When people have a say
Reviewed by M M Goel

Building a Citizens' Partnership in Democratic Governance
by George Koreth & Kiron Wadhera.
Pages 327. Rs 595

Good governance is indispensable for a democratic set-up of government. Although there is no single model of effective governance common to all regions, transparency and accountability are the two pillars of any pro-people government. These focus on providing time-bound services to citizens, make them integral part of decision making and bring them closer to government.

The authors elaborate on the example of Mexico Municipal Corporation and Minnesota's Public Health Department. They say that citizens' associations in partnership with government facilitate in combining the strategy of action and change. It also builds government's confidence in implementing need-based projects. The Partnership or Bhagidari mechanism is completely participative. It helps multi-stakeholders in discovering common ground, common interest and common problems after having consultations and holding orientation meetings with top leadership.

The study examines implementation of Bhagidari in the city-state of Delhi (having fractured authority) to improve services on a mission mode. Sheila Dikshit, former chief minister of Delhi, despite facing initial opposition from colleagues and bureaucracy, went ahead resolutely as Bhagidari connected people without impinging upon the rights of elected representatives.
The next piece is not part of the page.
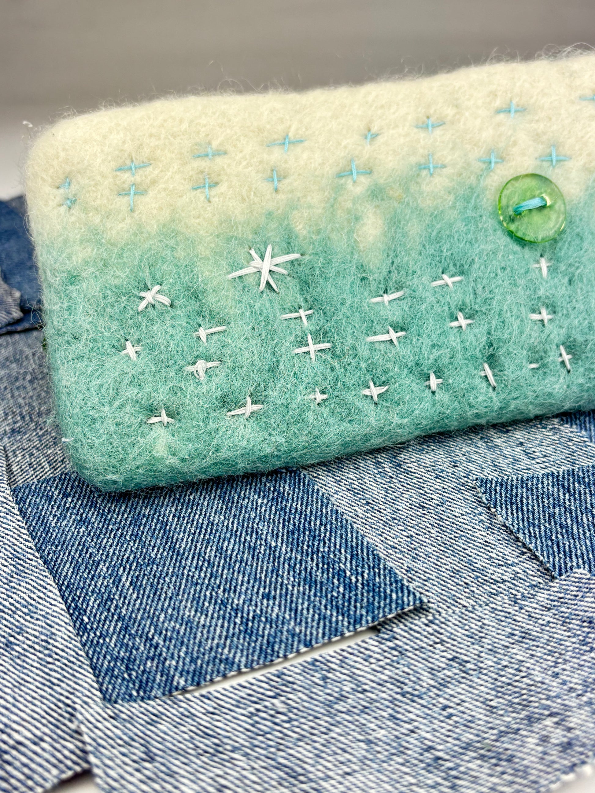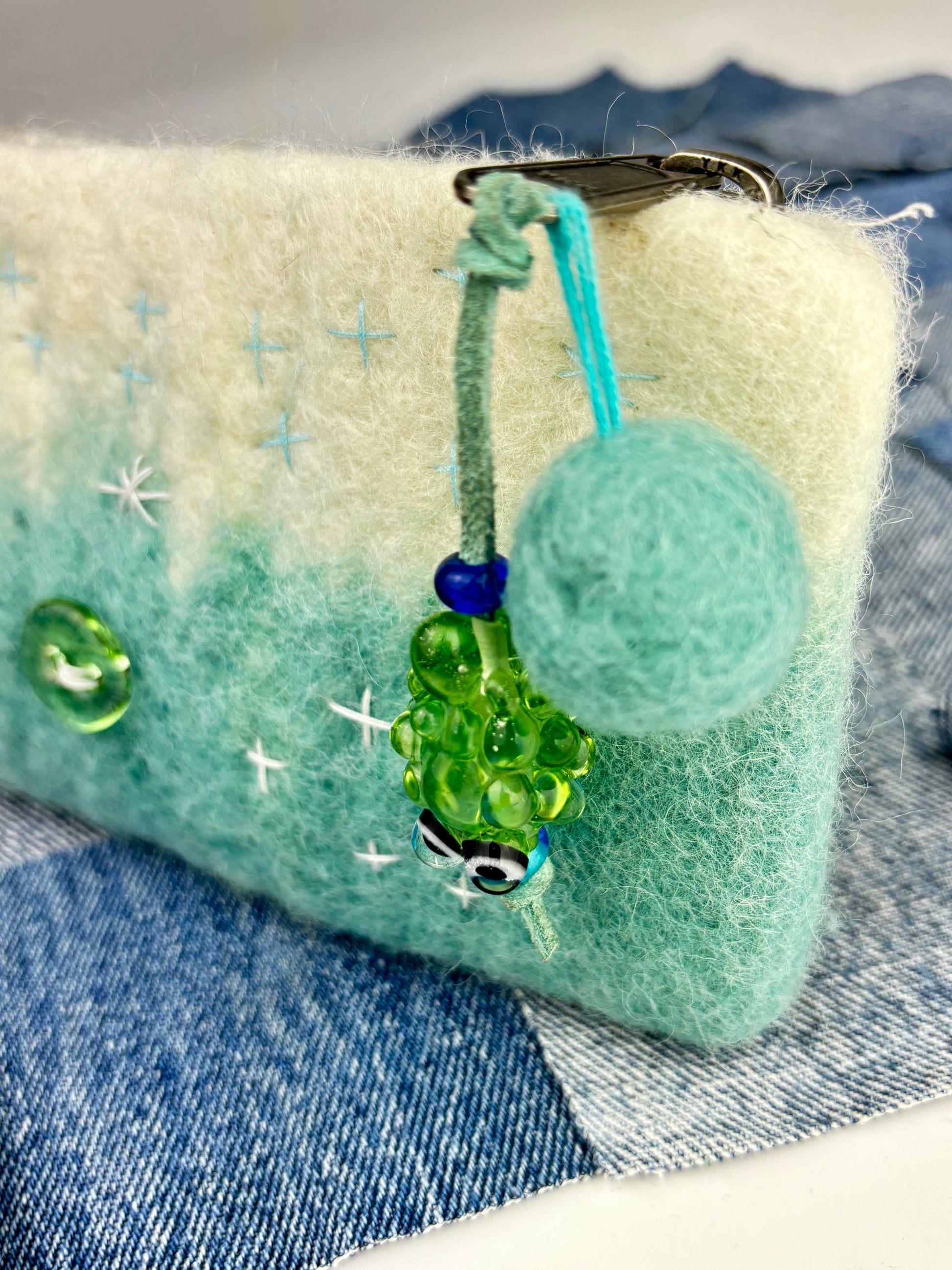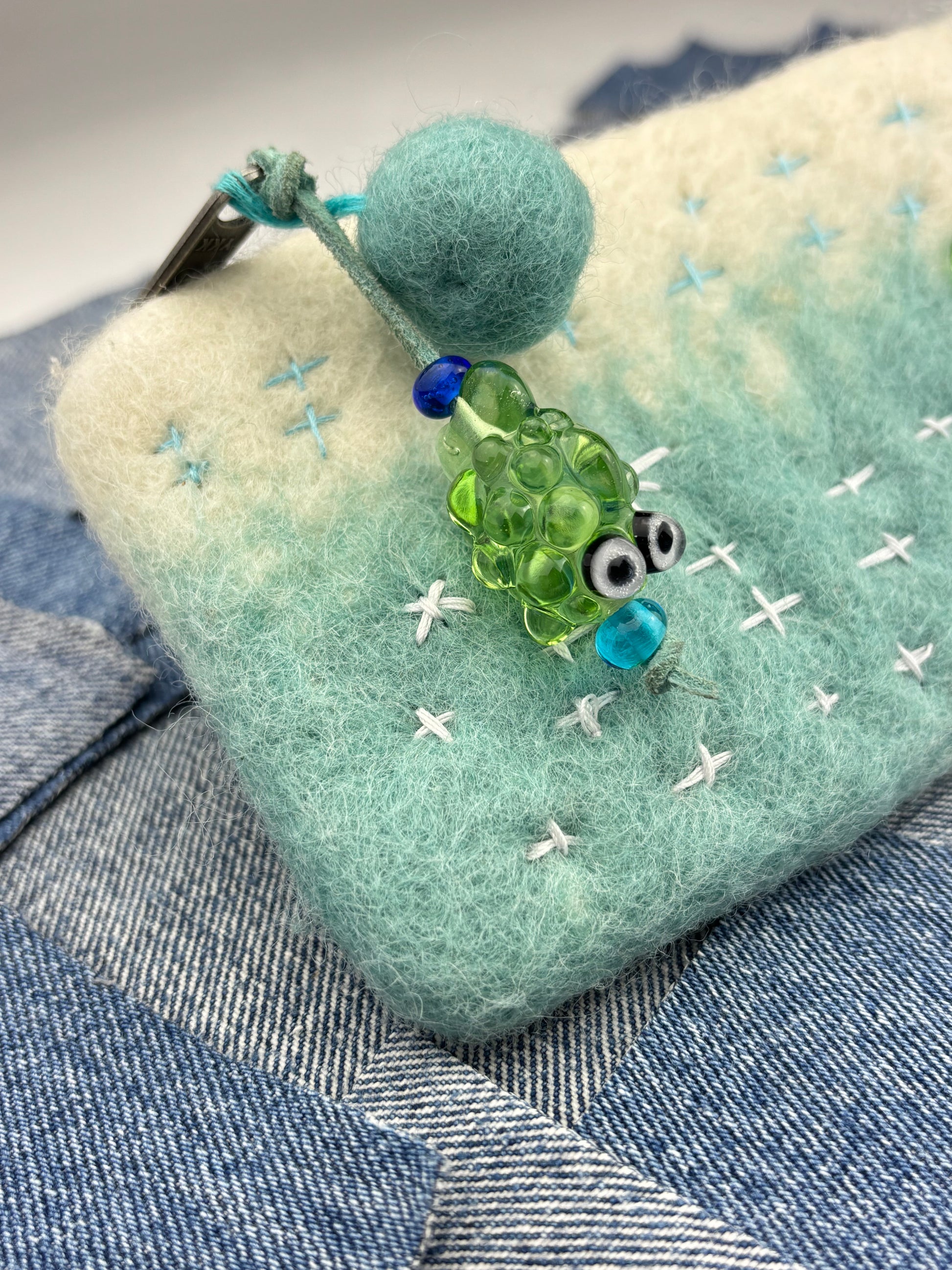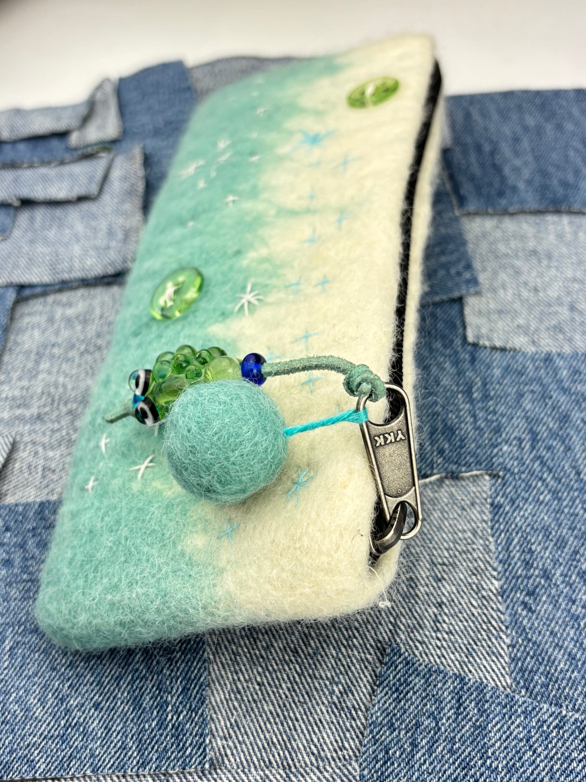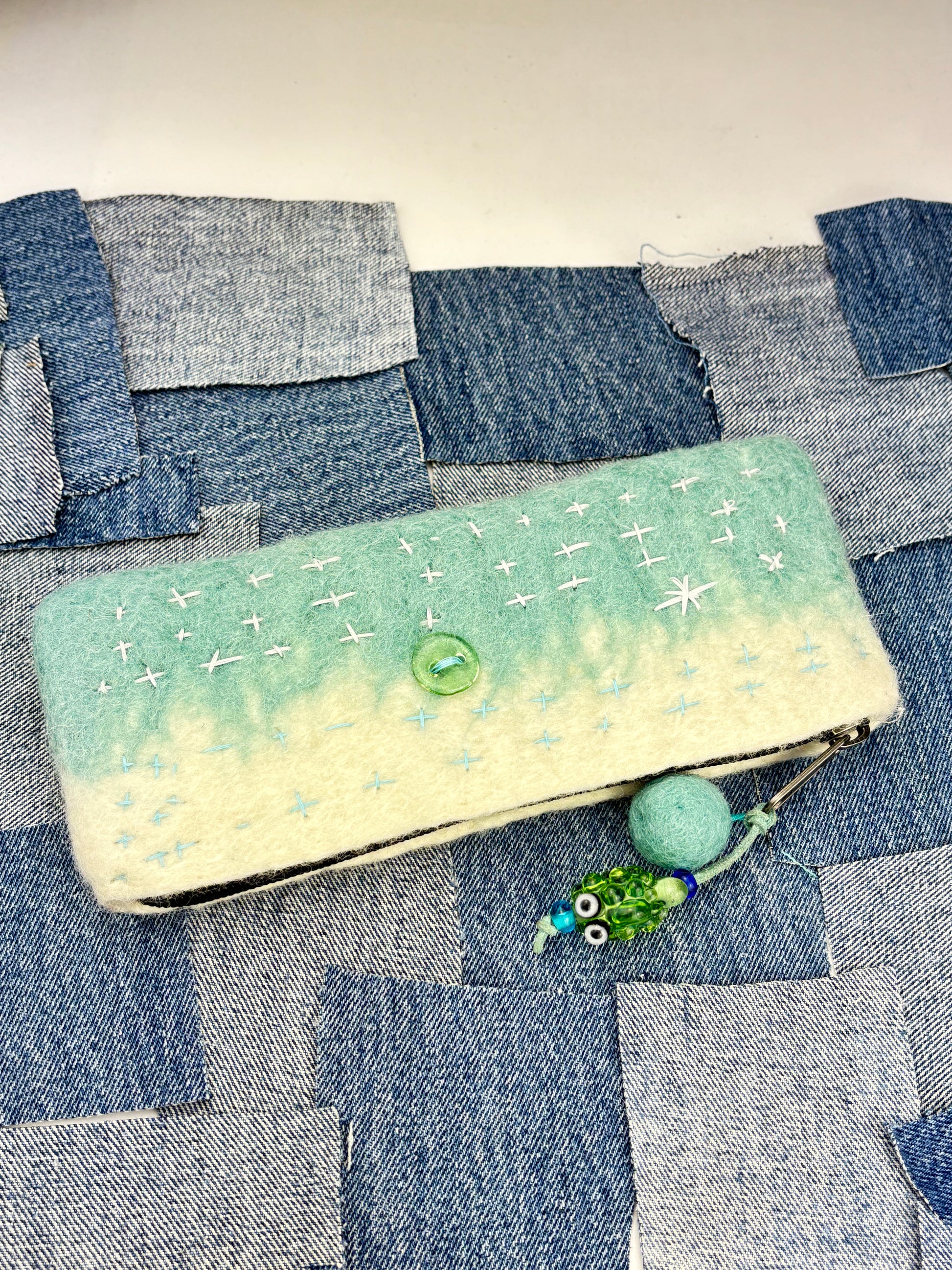 Naturally processed wool from my buddies farm in Oklahoma. Machine made in Los Angeles long zipper wallet with hand stitched Sashiko boro stitching, heavy duty YKK zipper, glass buttons, wool puff ball, and transparent green glass puffer fish zipper pull. The dye is done with a dip technique that creates a saturated bleeding effect.

She motivated citizens in making Delhi a world-class city.

The model envisaged neither autocratic official behaviour nor aggressive citizens. Earlier, it was difficult to know who was responsible for what and who should be approached for a particular task. More so, no government can ignore or alienate citizens, especially when planning in India is minutely observed.

In Bhagidari, the process began with 20 RWAs and rapidly expanded to 3000 RWAs, 100 MTAs, NGOs, etc. Multi-stakeholders in small groups identified five-seven issues for initiating change. They had brain-storming sessions among representatives from all strata of the society including functionaries. The focus was on dialogue and solutions rather than on complaints, grievances or criticism. The interactive process was spread over a three-day workshop.

The model on the whole acts as a vehicle for catalysing change in mindset, attitudes and behaviour. It has led to increase in information sharing and effective communication with government. It has also led to improving quality of services like CNG, transport, power, water, infrastructure, etc.

This model is no longer hailed as a government program as citizens offer their time voluntarily in implementing projects. It has built a lot of credibility for itself and trust is being reflected through monthly Bhagidari magazine and FM radio. Besides, Delhi ID card issued to workshop participants gives participants a sense of pride. Government's performance and efforts of professionally-qualified citizens and officers thus builds a valuable partnership in finding solutions to problems and institutionalising the role of associations in governance.

Overall, this citizen-friendly model needs to be replicated at several other levels of governance. It requires genuine citizen empowerment and their will to interact to give shape to plans. The interactive online Modi's portals too envisage citizens and government to discuss and work towards accomplishing their aspirations.